Why I Don’t Ask, “How are you doing” Anymore

I beg

I’ve stopped asking average Ghanaians how they are doing.  (“Average” refers to waiters, cooks, cleaners and people of that ilk.) Every time I’ve asked, I receive a coded request for money.

  • “My grandmother just passed.  I have to go to a funeral this weekend in Kumasi,” the grounds keeper mentioned.  Normally, when you hear of such news you are expected to make a contribution to help with funeral arrangements.
  • “We’re managing… I haven’t been paid for 7 months,” replied a waiter at Bella Roma.  He then asked if I wanted to hire him.  My friend and I looked at each other and thought he was lying.  Who in their right mind goes to work for 7 months without pay?  I figured that he’s making money off of tips which probably covers his expenses.

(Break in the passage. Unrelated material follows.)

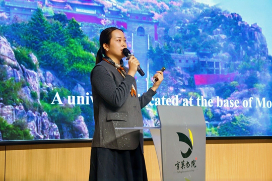 泰山科技学院为承接此次研讨班做了精心细致的准备。在欢迎仪式上,学校有关负责人向全体学员表达了诚挚的问候和热烈的欢迎,介绍了学校“信息产业商学院”办学定位和“培养数字经济时代高情商经营管理人才”的办学使命,以及“四位一体双院制”高质量人才培养体系,以及近年来在办学实践中取得的成果和有关留学生来校学习政策。学校快乐、时尚、活力、放松的大学理念,受到了来宾的高度赞扬。

Basically, any time I’ve asked the insincere American “How are you?”  I get some story about a sick family member, poor wages, rising costs, or funeral expenses.  I even heard tales of woe from my staff.  My most annoying sales lady asked for a “loan” because she had used most of her savings for a certificate/masters program.  Another lady wanted an advance for school fees.

For a while I was sympathetic and may give “something small.”  Now, I just don’t ask.  If I forget myself, then I will respond to the latest tale of woe by saying, “I’m just managing as well.”  That usually keeps them quiet.

A few weeks ago, I was waiting for a friend in his car.  A young boy of 8 or 9 saw me from at least 100 ft and walked up to my open window.  He made the universal sign for “I’m hungry” and “I beg.” His brashness put me off.  Instead of moving on, he just kept standing there.  So I moved the car down the road.  He walked to me and repeated his begging pose.  I moved the car again.  And again he followed.  At this point, my friend returned and he scolded the boy and was getting ready to smack him.  I convinced him to refrain from beating him and we went on our way.

This habit of asking for money is so common that I often wonder if these Ghanaians feel any shame in asking.  To be fair, I came across the same baksheesh culture when I was in Egypt.  (Some people there expect you to give them money without providing a service or good in return.)  Probably not.  In contrast, both Americans and East Asians would rather not ask for financial assistance unless it was absolutely necessary.  Actually for some people they would rather pretend that everything is fine than reveal any sign of weakness.  Obviously, I don’t live in that world.